- What you are asked to do -
Would you return, word for word, the lines of the data below from the line with "2025年12月16日、現在" through the line with "血痕の残る床板を、ここ宝泉院の天井の板に使用し、供養としている。", and no others?
START Dataset records
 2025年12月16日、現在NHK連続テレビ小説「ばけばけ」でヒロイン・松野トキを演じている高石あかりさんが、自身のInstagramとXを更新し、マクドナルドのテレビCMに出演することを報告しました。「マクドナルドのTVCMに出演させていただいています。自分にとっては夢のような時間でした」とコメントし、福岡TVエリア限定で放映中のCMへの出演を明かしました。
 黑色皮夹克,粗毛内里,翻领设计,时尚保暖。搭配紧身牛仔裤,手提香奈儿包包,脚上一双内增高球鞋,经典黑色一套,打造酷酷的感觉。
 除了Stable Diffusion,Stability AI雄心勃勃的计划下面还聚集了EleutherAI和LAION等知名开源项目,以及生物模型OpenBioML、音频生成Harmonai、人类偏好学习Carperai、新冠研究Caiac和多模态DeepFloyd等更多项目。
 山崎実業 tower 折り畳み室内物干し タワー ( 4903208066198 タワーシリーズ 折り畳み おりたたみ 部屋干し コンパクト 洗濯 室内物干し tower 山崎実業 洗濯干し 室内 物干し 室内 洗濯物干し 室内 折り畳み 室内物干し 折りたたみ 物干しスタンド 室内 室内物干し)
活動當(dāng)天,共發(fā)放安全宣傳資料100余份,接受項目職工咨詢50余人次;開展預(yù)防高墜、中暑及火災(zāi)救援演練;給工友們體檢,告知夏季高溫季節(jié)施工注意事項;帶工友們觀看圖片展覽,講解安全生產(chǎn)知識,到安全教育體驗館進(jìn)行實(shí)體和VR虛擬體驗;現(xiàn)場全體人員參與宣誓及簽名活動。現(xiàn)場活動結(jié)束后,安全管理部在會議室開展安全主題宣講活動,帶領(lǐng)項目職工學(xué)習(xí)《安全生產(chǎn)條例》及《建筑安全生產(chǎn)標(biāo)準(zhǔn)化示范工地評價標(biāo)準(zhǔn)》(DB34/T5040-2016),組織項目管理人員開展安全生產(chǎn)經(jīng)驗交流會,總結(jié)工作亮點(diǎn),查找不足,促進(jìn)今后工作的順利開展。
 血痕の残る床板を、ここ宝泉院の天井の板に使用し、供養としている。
END Dataset records
START Dataset records
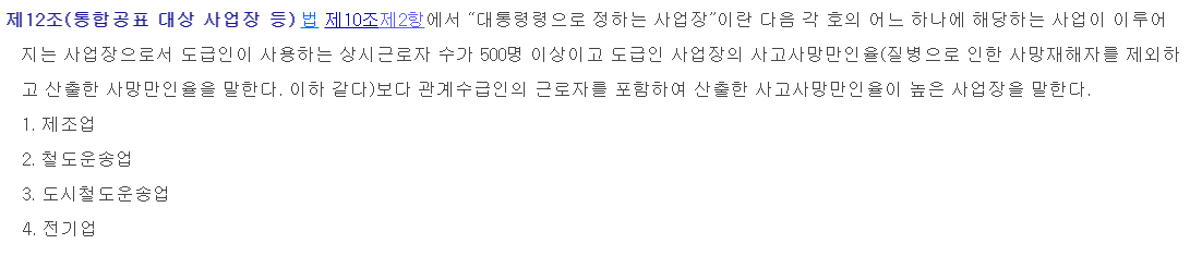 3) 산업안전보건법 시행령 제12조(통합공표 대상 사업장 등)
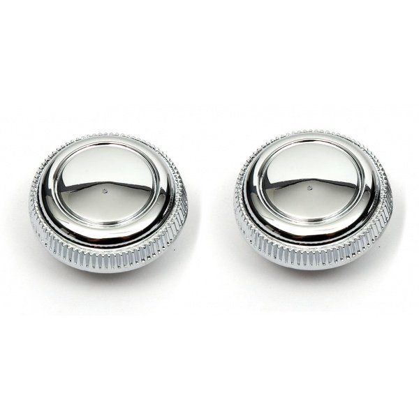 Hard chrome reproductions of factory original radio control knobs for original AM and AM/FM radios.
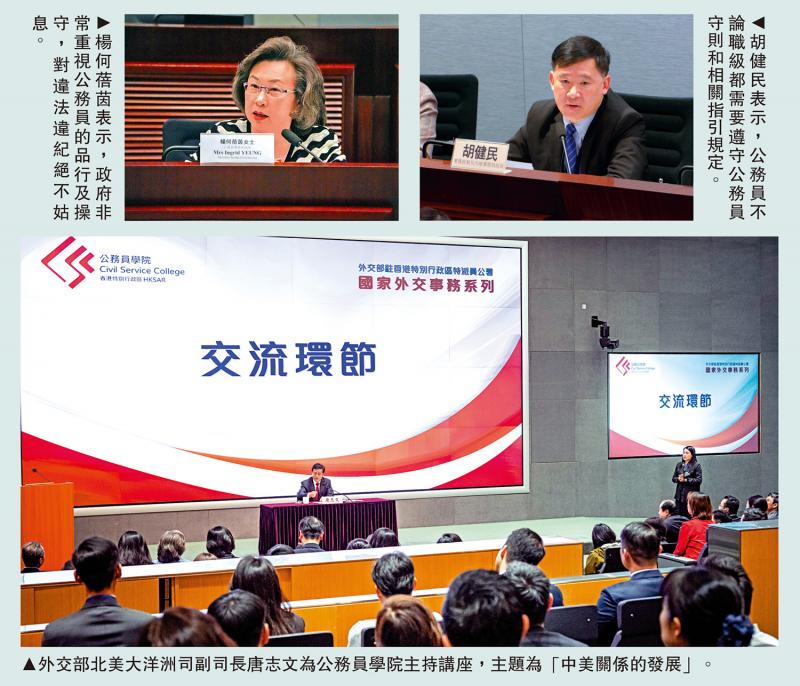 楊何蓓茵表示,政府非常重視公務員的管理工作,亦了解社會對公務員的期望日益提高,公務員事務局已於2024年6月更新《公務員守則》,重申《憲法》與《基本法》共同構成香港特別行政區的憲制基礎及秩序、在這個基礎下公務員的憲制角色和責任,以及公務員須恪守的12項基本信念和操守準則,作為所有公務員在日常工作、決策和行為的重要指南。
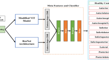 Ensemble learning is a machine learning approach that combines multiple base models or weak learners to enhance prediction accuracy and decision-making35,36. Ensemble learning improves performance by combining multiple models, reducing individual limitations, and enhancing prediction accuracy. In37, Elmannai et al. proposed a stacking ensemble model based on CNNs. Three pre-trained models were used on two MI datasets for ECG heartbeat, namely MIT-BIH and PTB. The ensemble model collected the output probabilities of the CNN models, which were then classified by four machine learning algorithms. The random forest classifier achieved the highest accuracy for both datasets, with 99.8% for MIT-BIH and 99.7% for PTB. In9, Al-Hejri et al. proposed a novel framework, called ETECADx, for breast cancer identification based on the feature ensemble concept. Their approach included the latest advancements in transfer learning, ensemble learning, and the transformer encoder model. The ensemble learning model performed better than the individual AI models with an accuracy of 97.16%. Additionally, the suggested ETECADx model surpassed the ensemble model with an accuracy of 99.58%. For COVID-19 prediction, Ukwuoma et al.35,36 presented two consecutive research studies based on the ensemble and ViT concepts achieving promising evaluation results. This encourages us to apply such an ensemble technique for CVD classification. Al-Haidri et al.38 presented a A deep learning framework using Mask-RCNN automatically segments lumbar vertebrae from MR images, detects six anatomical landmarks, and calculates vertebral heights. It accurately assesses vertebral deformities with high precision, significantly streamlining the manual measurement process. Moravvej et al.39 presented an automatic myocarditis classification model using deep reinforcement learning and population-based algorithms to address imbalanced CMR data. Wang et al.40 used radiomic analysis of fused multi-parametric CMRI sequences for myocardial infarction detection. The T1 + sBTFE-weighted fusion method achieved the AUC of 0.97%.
END Dataset records
- Exercise response -
 2025年12月16日、現在NHK連続テレビ小説「ばけばけ」でヒロイン・松野トキを演じている高石あかりさんが、自身のInstagramとXを更新し、マクドナルドのテレビCMに出演することを報告しました。「マクドナルドのTVCMに出演させていただいています。自分にとっては夢のような時間でした」とコメントし、福岡TVエリア限定で放映中のCMへの出演を明かしました。
 黑色皮夹克,粗毛内里,翻领设计,时尚保暖。搭配紧身牛仔裤,手提香奈儿包包,脚上一双内增高球鞋,经典黑色一套,打造酷酷的感觉。
 除了Stable Diffusion,Stability AI雄心勃勃的计划下面还聚集了EleutherAI和LAION等知名开源项目,以及生物模型OpenBioML、音频生成Harmonai、人类偏好学习Carperai、新冠研究Caiac和多模态DeepFloyd等更多项目。
 山崎実業 tower 折り畳み室内物干し タワー ( 4903208066198 タワーシリーズ 折り畳み おりたたみ 部屋干し コンパクト 洗濯 室内物干し tower 山崎実業 洗濯干し 室内 物干し 室内 洗濯物干し 室内 折り畳み 室内物干し 折りたたみ 物干しスタンド 室内 室内物干し)
活動當(dāng)天,共發(fā)放安全宣傳資料100余份,接受項目職工咨詢50余人次;開展預(yù)防高墜、中暑及火災(zāi)救援演練;給工友們體檢,告知夏季高溫季節(jié)施工注意事項;帶工友們觀看圖片展覽,講解安全生產(chǎn)知識,到安全教育體驗館進(jìn)行實(shí)體和VR虛擬體驗;現(xiàn)場全體人員參與宣誓及簽名活動。現(xiàn)場活動結(jié)束后,安全管理部在會議室開展安全主題宣講活動,帶領(lǐng)項目職工學(xué)習(xí)《安全生產(chǎn)條例》及《建筑安全生產(chǎn)標(biāo)準(zhǔn)化示范工地評價標(biāo)準(zhǔn)》(DB34/T5040-2016),組織項目管理人員開展安全生產(chǎn)經(jīng)驗交流會,總結(jié)工作亮點(diǎn),查找不足,促進(jìn)今后工作的順利開展。
 血痕の残る床板を、ここ宝泉院の天井の板に使用し、供養としている。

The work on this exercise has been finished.